What to work on: Only one span is wanted from the lines below: from the one with "很多人觉得使用它,就可以在变" up to and including the one with "前日の雨が上がり深い霧の中に薄い光芒が一瞬入り湖面に反射しました。". Copy it exactly, without images.

Excerpted records:
-- Opening Marker --

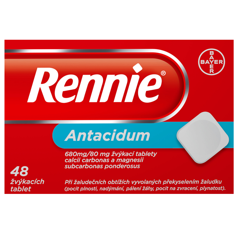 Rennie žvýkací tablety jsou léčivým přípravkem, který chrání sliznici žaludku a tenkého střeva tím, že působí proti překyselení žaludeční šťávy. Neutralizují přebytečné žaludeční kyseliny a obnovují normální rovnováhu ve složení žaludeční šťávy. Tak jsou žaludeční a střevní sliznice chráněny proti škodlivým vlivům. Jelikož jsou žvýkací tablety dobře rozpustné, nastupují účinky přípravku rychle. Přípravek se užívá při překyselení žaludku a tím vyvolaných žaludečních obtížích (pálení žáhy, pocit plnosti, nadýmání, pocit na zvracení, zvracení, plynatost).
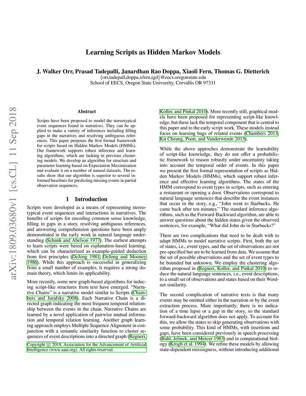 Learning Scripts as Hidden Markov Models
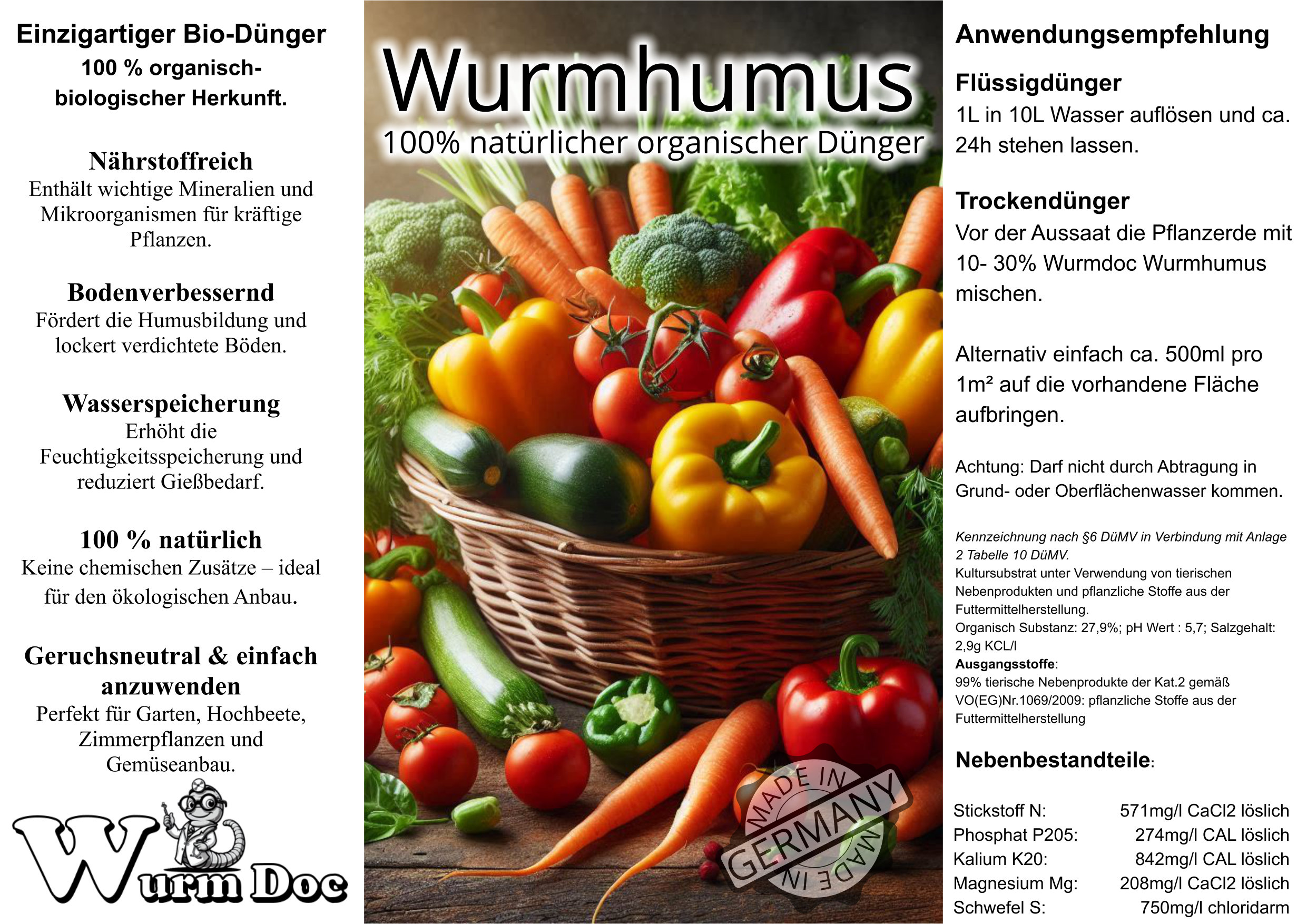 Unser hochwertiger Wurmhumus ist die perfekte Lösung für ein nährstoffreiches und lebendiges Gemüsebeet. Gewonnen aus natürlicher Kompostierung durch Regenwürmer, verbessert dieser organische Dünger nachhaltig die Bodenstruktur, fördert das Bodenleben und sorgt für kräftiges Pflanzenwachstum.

-- Closing Marker --
-- Opening Marker --

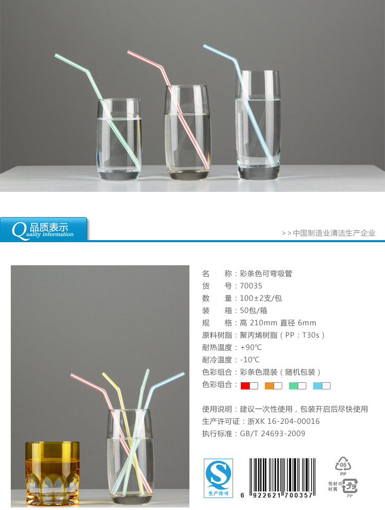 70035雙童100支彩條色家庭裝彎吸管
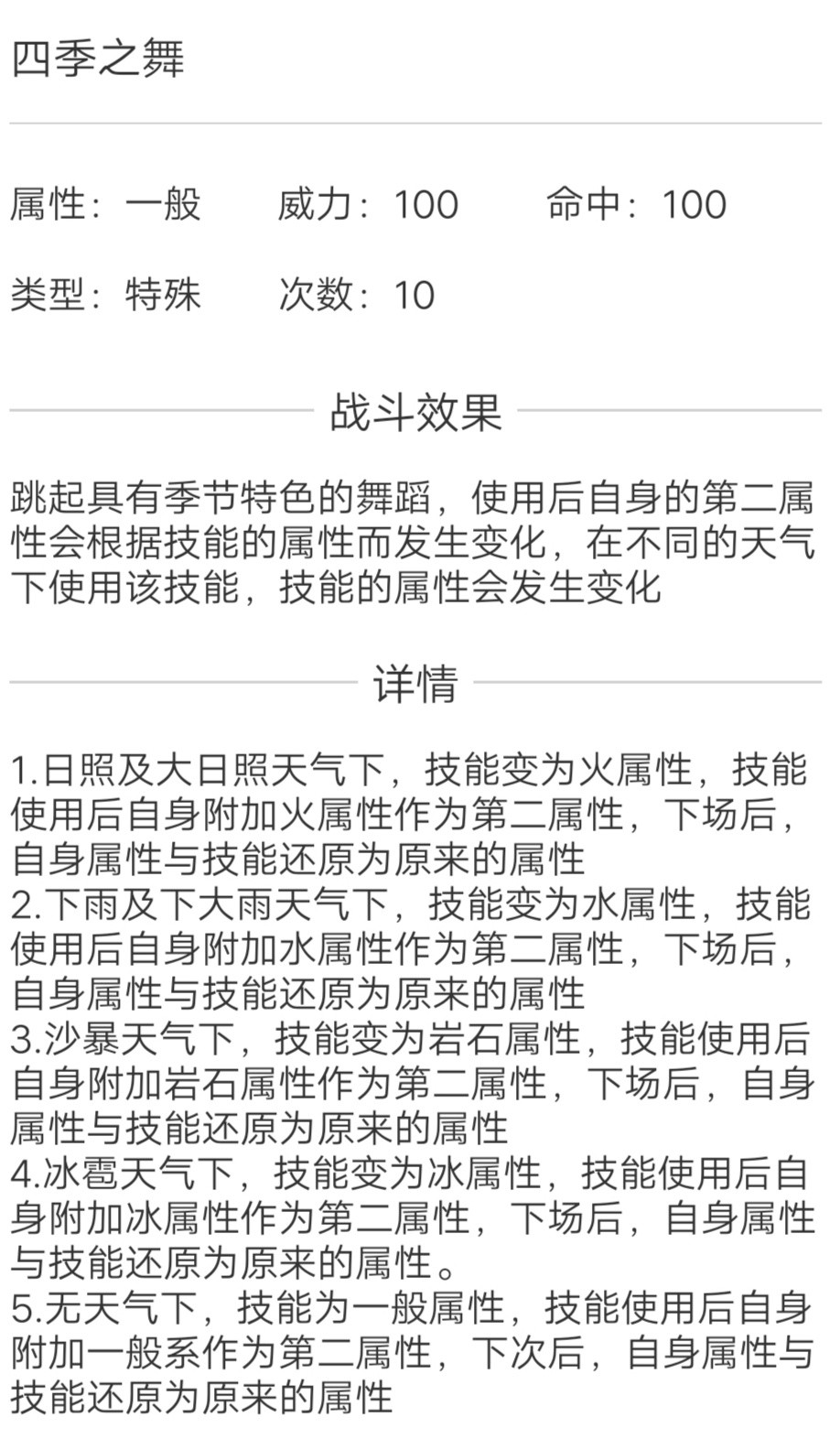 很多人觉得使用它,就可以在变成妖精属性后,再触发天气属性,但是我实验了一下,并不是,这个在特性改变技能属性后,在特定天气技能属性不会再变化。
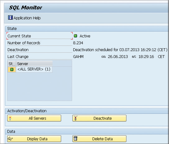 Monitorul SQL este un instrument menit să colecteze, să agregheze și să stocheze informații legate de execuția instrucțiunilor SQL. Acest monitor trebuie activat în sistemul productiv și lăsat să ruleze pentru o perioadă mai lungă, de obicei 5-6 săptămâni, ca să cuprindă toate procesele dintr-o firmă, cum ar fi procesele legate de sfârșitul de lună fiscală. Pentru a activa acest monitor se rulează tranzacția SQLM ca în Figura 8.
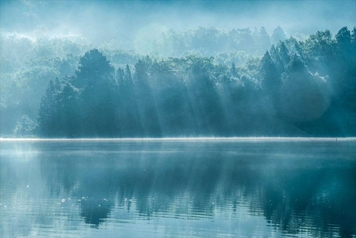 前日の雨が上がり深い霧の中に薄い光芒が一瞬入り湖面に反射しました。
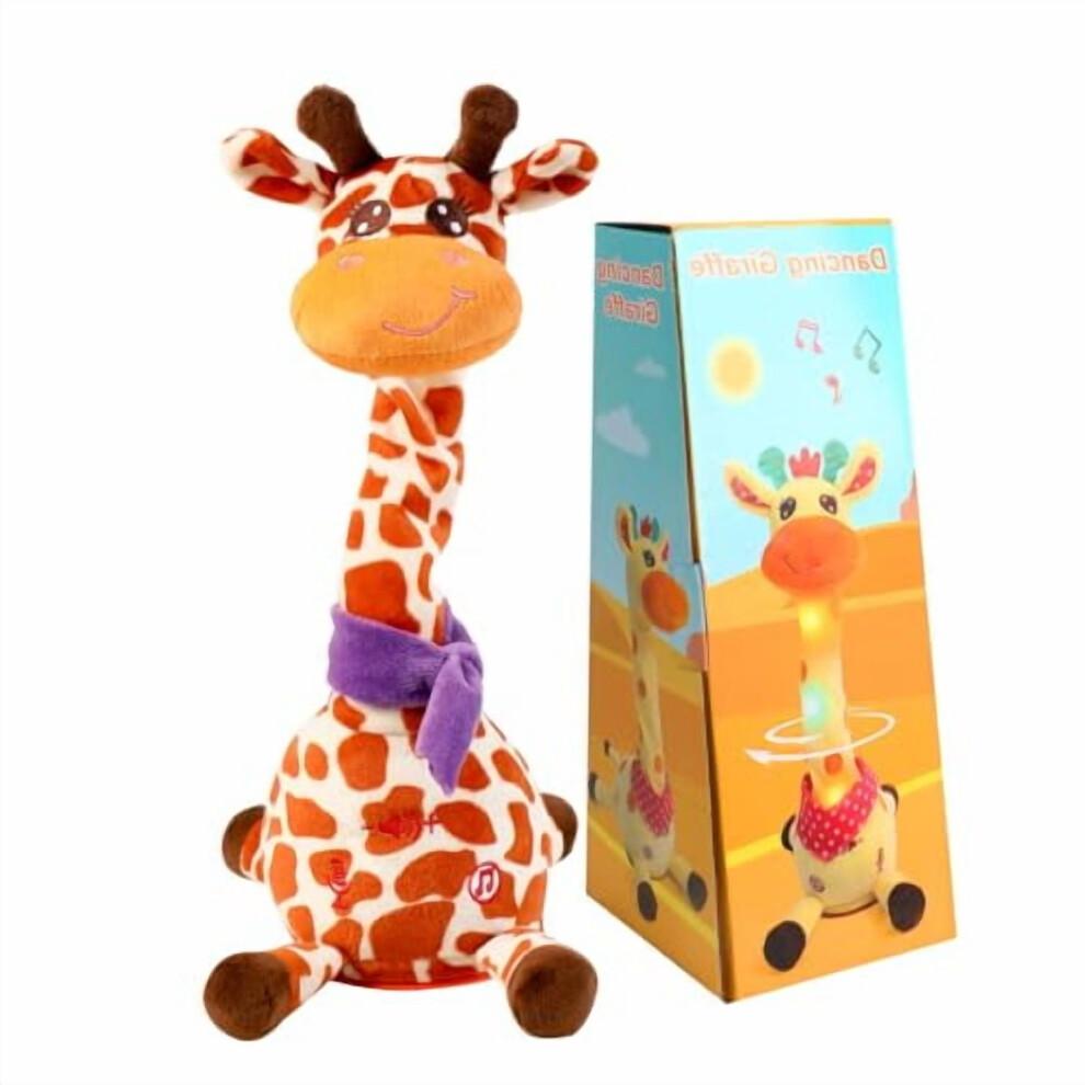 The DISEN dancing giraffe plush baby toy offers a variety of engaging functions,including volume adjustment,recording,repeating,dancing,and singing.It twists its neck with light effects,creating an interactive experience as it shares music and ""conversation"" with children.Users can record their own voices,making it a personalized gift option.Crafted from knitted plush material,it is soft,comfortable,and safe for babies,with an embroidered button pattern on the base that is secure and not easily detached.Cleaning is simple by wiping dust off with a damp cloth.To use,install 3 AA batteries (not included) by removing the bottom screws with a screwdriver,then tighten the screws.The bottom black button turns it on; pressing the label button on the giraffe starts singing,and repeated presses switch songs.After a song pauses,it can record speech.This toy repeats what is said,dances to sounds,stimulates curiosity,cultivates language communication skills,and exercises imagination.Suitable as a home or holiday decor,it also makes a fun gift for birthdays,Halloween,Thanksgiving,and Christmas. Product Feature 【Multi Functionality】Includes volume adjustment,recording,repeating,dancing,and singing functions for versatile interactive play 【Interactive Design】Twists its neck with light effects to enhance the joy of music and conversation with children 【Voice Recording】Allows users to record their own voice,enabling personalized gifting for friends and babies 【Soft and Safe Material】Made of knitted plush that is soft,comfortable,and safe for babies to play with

-- Closing Marker --

Output of the task:
 很多人觉得使用它,就可以在变成妖精属性后,再触发天气属性,但是我实验了一下,并不是,这个在特性改变技能属性后,在特定天气技能属性不会再变化。
 Monitorul SQL este un instrument menit să colecteze, să agregheze și să stocheze informații legate de execuția instrucțiunilor SQL. Acest monitor trebuie activat în sistemul productiv și lăsat să ruleze pentru o perioadă mai lungă, de obicei 5-6 săptămâni, ca să cuprindă toate procesele dintr-o firmă, cum ar fi procesele legate de sfârșitul de lună fiscală. Pentru a activa acest monitor se rulează tranzacția SQLM ca în Figura 8.
 前日の雨が上がり深い霧の中に薄い光芒が一瞬入り湖面に反射しました。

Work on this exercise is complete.